• [What is expected]
Using the data below, print exactly the line with "手王維中,在粉絲團上傳模仿連勝文動作的照片,還開玩笑說「丟球前的伸展運動是很重", the line with "ボートネックにリブを横に配置", and every line between them, but none of the pictures.

• [Input material]
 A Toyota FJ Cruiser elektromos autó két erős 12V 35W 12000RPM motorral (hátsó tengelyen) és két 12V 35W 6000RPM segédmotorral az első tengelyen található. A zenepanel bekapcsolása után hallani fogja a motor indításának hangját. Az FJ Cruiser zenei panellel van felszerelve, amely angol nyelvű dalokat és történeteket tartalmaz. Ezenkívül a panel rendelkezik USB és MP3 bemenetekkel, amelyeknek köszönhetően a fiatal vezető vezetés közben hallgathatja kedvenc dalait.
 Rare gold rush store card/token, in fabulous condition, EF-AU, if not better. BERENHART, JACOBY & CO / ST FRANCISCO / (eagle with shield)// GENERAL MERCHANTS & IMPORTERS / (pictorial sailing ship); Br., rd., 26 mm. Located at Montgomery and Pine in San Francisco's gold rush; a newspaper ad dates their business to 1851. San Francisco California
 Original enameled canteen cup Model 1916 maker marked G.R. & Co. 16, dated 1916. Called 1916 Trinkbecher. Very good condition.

* * *

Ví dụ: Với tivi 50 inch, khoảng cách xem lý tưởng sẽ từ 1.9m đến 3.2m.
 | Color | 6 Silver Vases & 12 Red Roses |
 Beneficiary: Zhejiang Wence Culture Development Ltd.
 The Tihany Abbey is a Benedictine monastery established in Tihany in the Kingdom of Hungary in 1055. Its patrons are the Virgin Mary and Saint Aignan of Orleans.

---

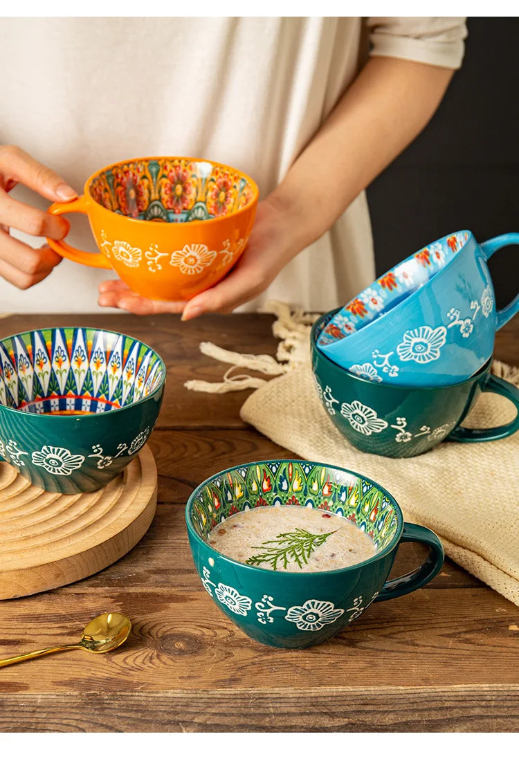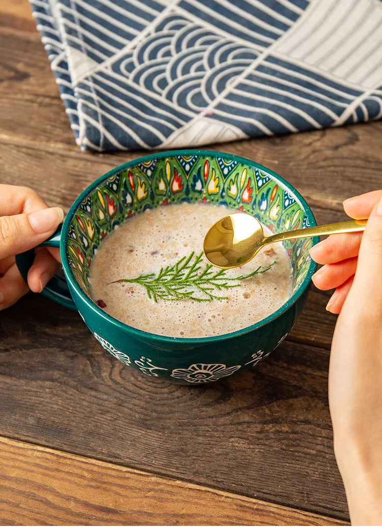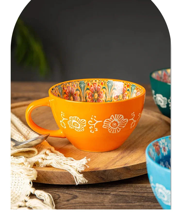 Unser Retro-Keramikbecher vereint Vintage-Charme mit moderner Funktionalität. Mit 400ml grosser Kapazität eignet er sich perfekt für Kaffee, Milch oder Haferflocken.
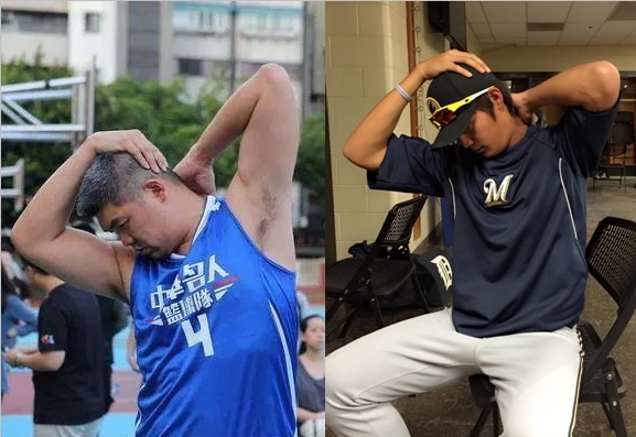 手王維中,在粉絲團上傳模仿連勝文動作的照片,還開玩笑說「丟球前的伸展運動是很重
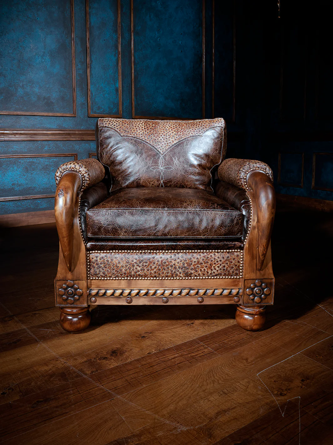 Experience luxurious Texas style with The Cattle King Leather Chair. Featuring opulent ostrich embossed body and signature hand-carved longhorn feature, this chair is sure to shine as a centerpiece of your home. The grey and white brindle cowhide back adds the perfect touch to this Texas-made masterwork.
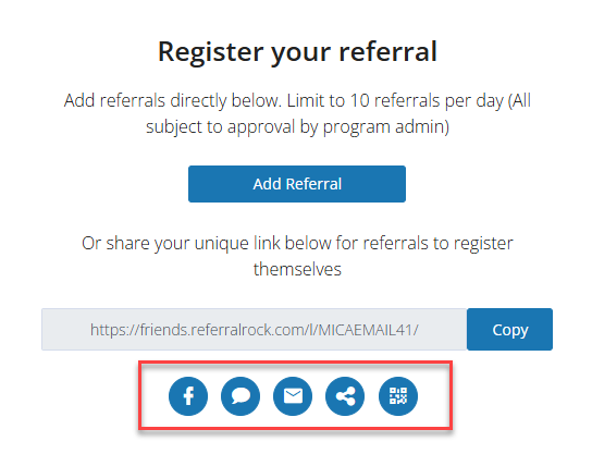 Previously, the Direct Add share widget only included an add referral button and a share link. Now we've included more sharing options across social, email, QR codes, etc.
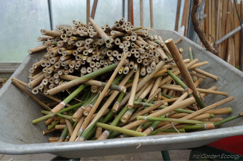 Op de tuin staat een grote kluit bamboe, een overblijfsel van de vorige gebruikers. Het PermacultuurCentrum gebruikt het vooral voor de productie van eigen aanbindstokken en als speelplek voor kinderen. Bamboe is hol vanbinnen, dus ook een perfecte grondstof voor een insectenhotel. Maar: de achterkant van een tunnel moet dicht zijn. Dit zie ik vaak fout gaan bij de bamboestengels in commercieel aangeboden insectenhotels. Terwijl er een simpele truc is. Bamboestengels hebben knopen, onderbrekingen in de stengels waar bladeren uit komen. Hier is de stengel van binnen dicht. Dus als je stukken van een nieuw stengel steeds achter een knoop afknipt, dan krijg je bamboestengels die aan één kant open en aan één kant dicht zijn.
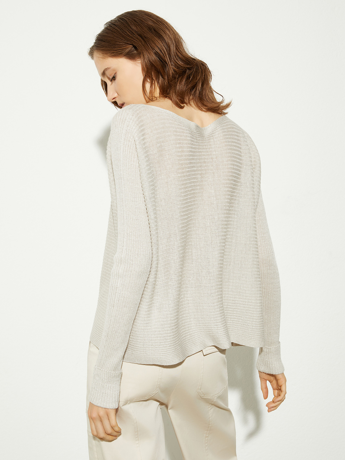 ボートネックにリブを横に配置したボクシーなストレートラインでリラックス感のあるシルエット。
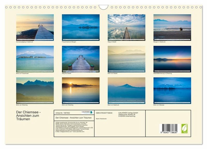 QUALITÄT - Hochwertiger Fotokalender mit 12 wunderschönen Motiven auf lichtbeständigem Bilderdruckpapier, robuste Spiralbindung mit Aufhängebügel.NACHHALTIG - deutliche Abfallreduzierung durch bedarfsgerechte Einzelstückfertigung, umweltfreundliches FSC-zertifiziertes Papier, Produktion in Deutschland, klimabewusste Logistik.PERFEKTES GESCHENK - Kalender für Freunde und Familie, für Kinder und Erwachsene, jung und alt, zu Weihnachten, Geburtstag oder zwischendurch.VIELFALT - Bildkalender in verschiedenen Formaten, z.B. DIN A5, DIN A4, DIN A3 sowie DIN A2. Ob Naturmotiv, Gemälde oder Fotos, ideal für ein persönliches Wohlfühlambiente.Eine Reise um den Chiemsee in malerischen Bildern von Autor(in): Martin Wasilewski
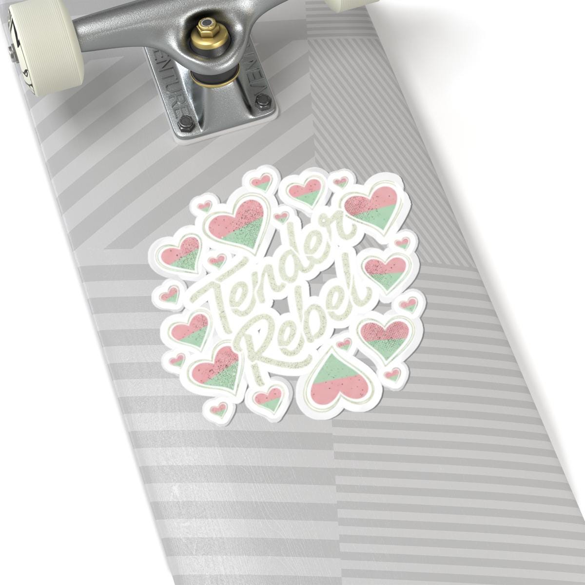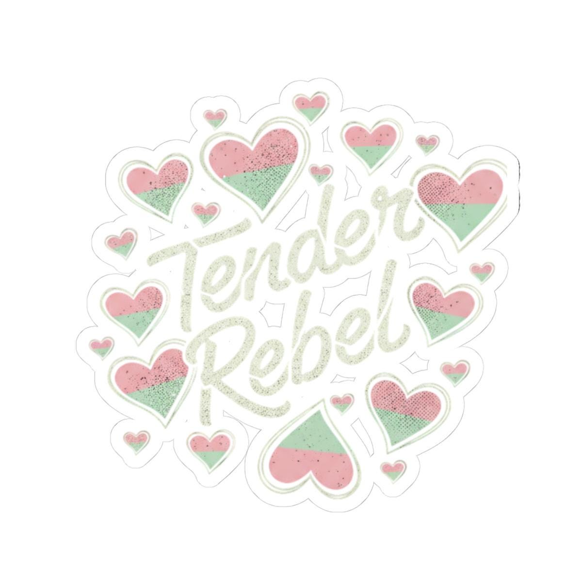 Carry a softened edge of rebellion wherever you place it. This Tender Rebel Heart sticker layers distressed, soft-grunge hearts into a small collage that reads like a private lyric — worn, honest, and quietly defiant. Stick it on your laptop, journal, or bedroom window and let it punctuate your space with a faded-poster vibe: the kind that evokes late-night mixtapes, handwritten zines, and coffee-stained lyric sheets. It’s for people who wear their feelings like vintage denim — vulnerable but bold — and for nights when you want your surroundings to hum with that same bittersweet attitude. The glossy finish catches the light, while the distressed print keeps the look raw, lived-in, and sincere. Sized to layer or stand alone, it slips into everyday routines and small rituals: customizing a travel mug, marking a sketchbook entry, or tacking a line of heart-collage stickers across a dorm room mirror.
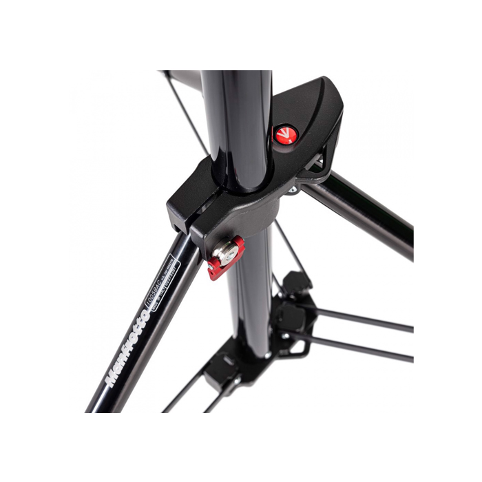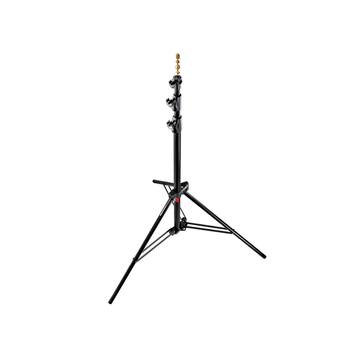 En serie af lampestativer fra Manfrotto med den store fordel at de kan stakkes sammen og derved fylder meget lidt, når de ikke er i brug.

• [Reply to the task]
 手王維中,在粉絲團上傳模仿連勝文動作的照片,還開玩笑說「丟球前的伸展運動是很重
 Experience luxurious Texas style with The Cattle King Leather Chair. Featuring opulent ostrich embossed body and signature hand-carved longhorn feature, this chair is sure to shine as a centerpiece of your home. The grey and white brindle cowhide back adds the perfect touch to this Texas-made masterwork.
 Previously, the Direct Add share widget only included an add referral button and a share link. Now we've included more sharing options across social, email, QR codes, etc.
 Op de tuin staat een grote kluit bamboe, een overblijfsel van de vorige gebruikers. Het PermacultuurCentrum gebruikt het vooral voor de productie van eigen aanbindstokken en als speelplek voor kinderen. Bamboe is hol vanbinnen, dus ook een perfecte grondstof voor een insectenhotel. Maar: de achterkant van een tunnel moet dicht zijn. Dit zie ik vaak fout gaan bij de bamboestengels in commercieel aangeboden insectenhotels. Terwijl er een simpele truc is. Bamboestengels hebben knopen, onderbrekingen in de stengels waar bladeren uit komen. Hier is de stengel van binnen dicht. Dus als je stukken van een nieuw stengel steeds achter een knoop afknipt, dan krijg je bamboestengels die aan één kant open en aan één kant dicht zijn.
 ボートネックにリブを横に配置したボクシーなストレートラインでリラックス感のあるシルエット。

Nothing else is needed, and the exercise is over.